チャイナリスク関連倒産が国内で急増、中国景気の減速警戒し日本株急落
2014年のデータで見て、日本の最大の貿易相手国は中国。輸出入総額は約32兆円で全体の20%。第2位の米国の21兆円、13%を大きく上回る。
今年は中国景気の減速が直撃か
しかし、東京商工リサーチでは、今後は「コスト増」以外の倒産が増える可能性があると指摘する。「中国の景気減速で倒産件数は前年以上に増える可能性が高まっている」という。
昨年9月、東京地裁に民事再生法の適用を申請した第一中央汽船。中国の景気減速にともなうばら積み貨物の需要減少で運賃と傭船料の逆ザヤが拡大。負債総額1196億円の大型倒産となった。

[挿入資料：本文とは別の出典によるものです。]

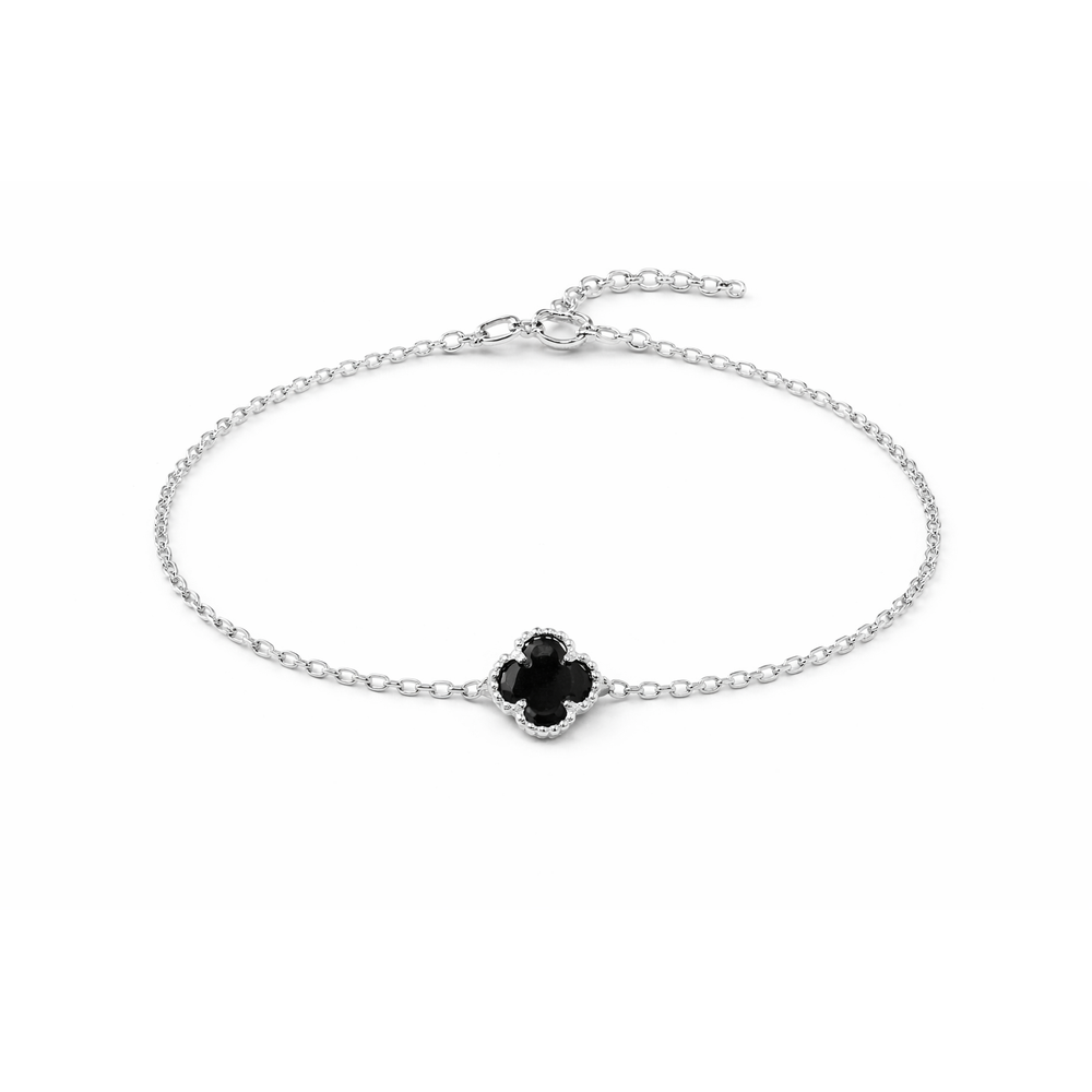 Srebrna narukvica sa crnim detelinastim kamenom – elegantna i sofisticirana
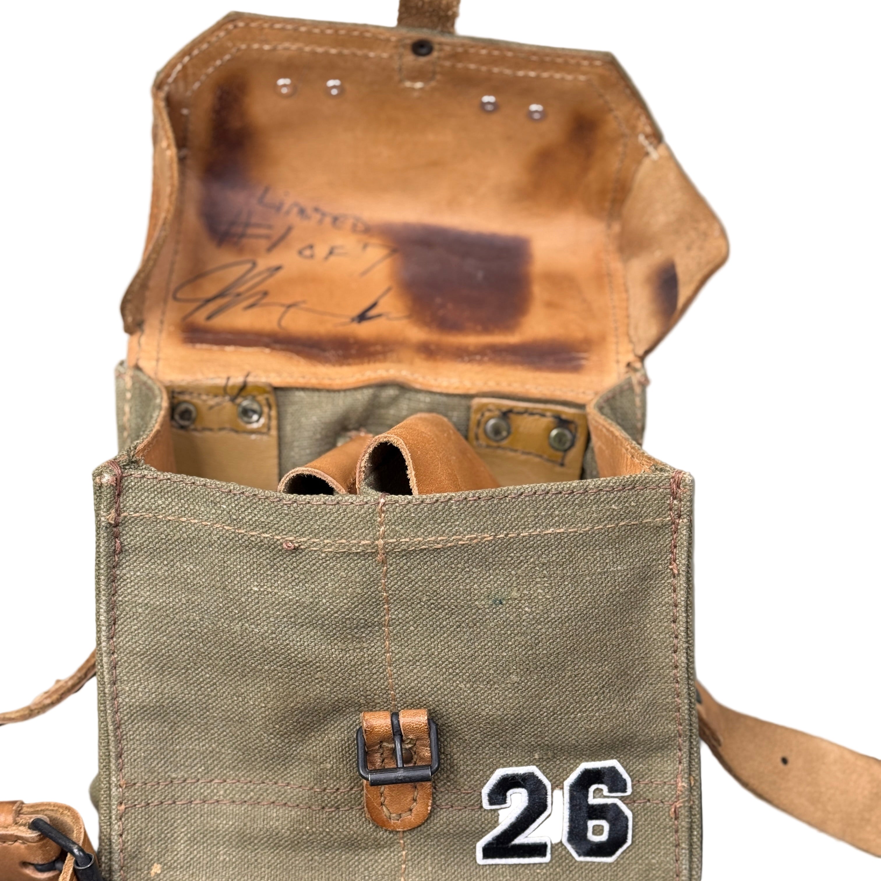 This is our 3rd Year 2026 Limited Edition Vintage Military Surplus shoulder Pouch. Limited to only Seven pieces. These 1970's era super heavyweight canvas and leather military surplus shoulder bags have lasted over 50 years and are now ready to start a new life. No matter what your weekend plans you will love this bag for every situation. Perfect for wallet, Phone & necessities when out and about. We carefully added the Pug & Bulldog touch to these. Small in size and capacity with two internal sections. These were originally ammo pouches and have a super thick leather shoulder strap. These pouches were used so some color variations to bag and Leather components should be expected but that's what makes them so amazing! The dimensions are 8" high by 9" wide by 4" deep.

ばら積み船運賃の国際市況を示すバルチック海運指数<.BADI>は、中国が石炭や鉄鉱石輸入を減少させる中で、過去最低を更新し続けている。足元は約400ポイントと2015年8月の水準から約3分の1の水準に下落。08年5月のピークには1万1000ポイントを超えていた。
円安は止まったが、中国景気は一段と減速。今後、日本の製造業から見た受注悪化や、過剰在庫商品が採算度外視の価格で日本に入ることで値崩れを起こす可能性もあるという。「インバウンド消費」が急に減ることはないとしても、明暗が分かれる企業が出てきそうだ。
見失った「フェアバリュー」
さらに国内総生産(GDP)で世界第2位の規模を有する中国の景気減速は、世界景気に連動しやすい日本企業の収益も圧迫する。今年、中国のGDPは6%後半の成長が見込まれている。先進国に比べれば依然として高い成長率だ。
しかし、中国の2桁成長を前提に組んでいた投資計画も多い。成長減速にともない計画の見直しを迫られれば、資金回収ができないケースも増えてくる。
12月の中国の貿易統計で、輸出は市場予想を上回り好材料と受け止められた。しかし、輸出増は12月以降の人民元安のプラス効果もあった。人民元安は、輸出を後押しするが、資金流出を促しかねない「両刃の剣」。さらに中国からの輸出が増えれば、ライバルであるアジア新興国の輸出を圧迫することになる。